Even though pets aren’t yet eligible for the vaccine, some other higher-risk animals have already gotten the jab. Earlier in 2021, great apes at the San Diego received a trial Covid-19 vaccine.

“It is a possible consideration to vaccinate endangered animals in zoos that cannot be kept safe from infected people,” Bienzle says.

“Anyone with Covid-19 symptoms should avoid close contact with their pet, for example, they should avoid sleeping with their pet, kissing them, or preparing their food.”

The vaccine the great apes received was in the process of being developed for minks, which have suffered serious Covid-19 outbreaks on farms. Bienzle says that there is a legitimate concern about animals in crowded farm conditions, like minks, transmitting Covid-19 back to humans in a spillover event.

“We absolutely want to avoid that by management practices — vaccinate and test people [and] eliminate infection among mink through culling and/or depopulation,” Bienzle says.

Furthermore, the Russian government has just developed the first official vaccine for animals, creating 17,000 doses to be distributed across the country, though companies from other regions may seek to purchase vaccines from Russia.

Given these updates, Hosie believes that a pet vaccine might not entirely be out of the question in the near future, possibly reassuring worried pet owners. “It might be prudent to develop veterinary SARS-CoV-2 vaccines that would provide reassurance to pet owners that their pets will be protected from infection,” Hosie says.

Such vaccines would also remove the risk of pets transmitting Covid-19 to other animals or humans, according to Hosie. Bienzle stresses, though, that “vaccination is not 100% effective in people, and therefore also likely not 100% effective in animals.”

How can you protect your pet from Covid-19?

A dog, Ziggy, wears a face mask in Los Angeles.


The main risk to your pet cat or dog is, well, you, unfortunately. The precautions you and other humans in your household take to keep yourself safe from Covid-19 will also reduce the risk of Covid-19 transmission to your pets.

“Given the value of the companionship provided by domestic animals such as cats, it is important to identify any risks associated with pet ownership, so that appropriate control measures can be taken to minimize transmission risk,” Hosie says.

The best thing you can do for your pet: get vaccinated. Bienzle says that vaccinated people have lower viral loads of SARS-Cov-2, reducing the likelihood that they will infect their pets.

Hosie agrees. “We have seen that if they become infected, vaccinated people are less likely to transmit the virus to other people, and so it is very likely that transmission to animals will be decreased too.”

The CDC recommends isolating cats and dogs from people not living in your household — though as vaccination rates increase, that advice may change. So, it’s best to keep your dog on a leash or keep cats indoors when possible.

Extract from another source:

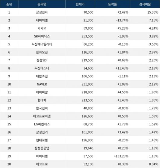 이어 네이처셀(007390)이 검색비율 2위를 기록하며 13.74%의 하락세를 기록하고 있다. 검색비율 3위의 카카오(035720)는 5.28% 상승하며 순조롭게 출발하는 모습이다. 검색비율 4위 SK하이닉스(000660)는 개장 초반부터 1.93%의 하락률을 보이고 있다. 검색비율 5위 두산에너빌리티(034020)는 0.15% 하락하며 큰 움직임을 보이지 않고 있다.

If you do become sick with Covid-19, the best thing you can do is to social distance from your pet whenever possible. The authors of the PLOS One study write “that people diagnosed with Covid-19 should avoid direct contact with their pets for as long as they remain ill.”

Hosie agrees. “Anyone with Covid-19 symptoms should avoid close contact with their pet, for example, they should avoid sleeping with their pet, kissing them, or preparing their food.”

However, it may not always be possible to maintain distance from your pet. In those cases, follow the same protocol that would use when, say, going to the grocery store or shopping.

”Physical distancing plus mask is ideal. If physical distancing is not possible, wearing a good mask plus hand washing will reduce the likelihood of transmission,” Bienzle says.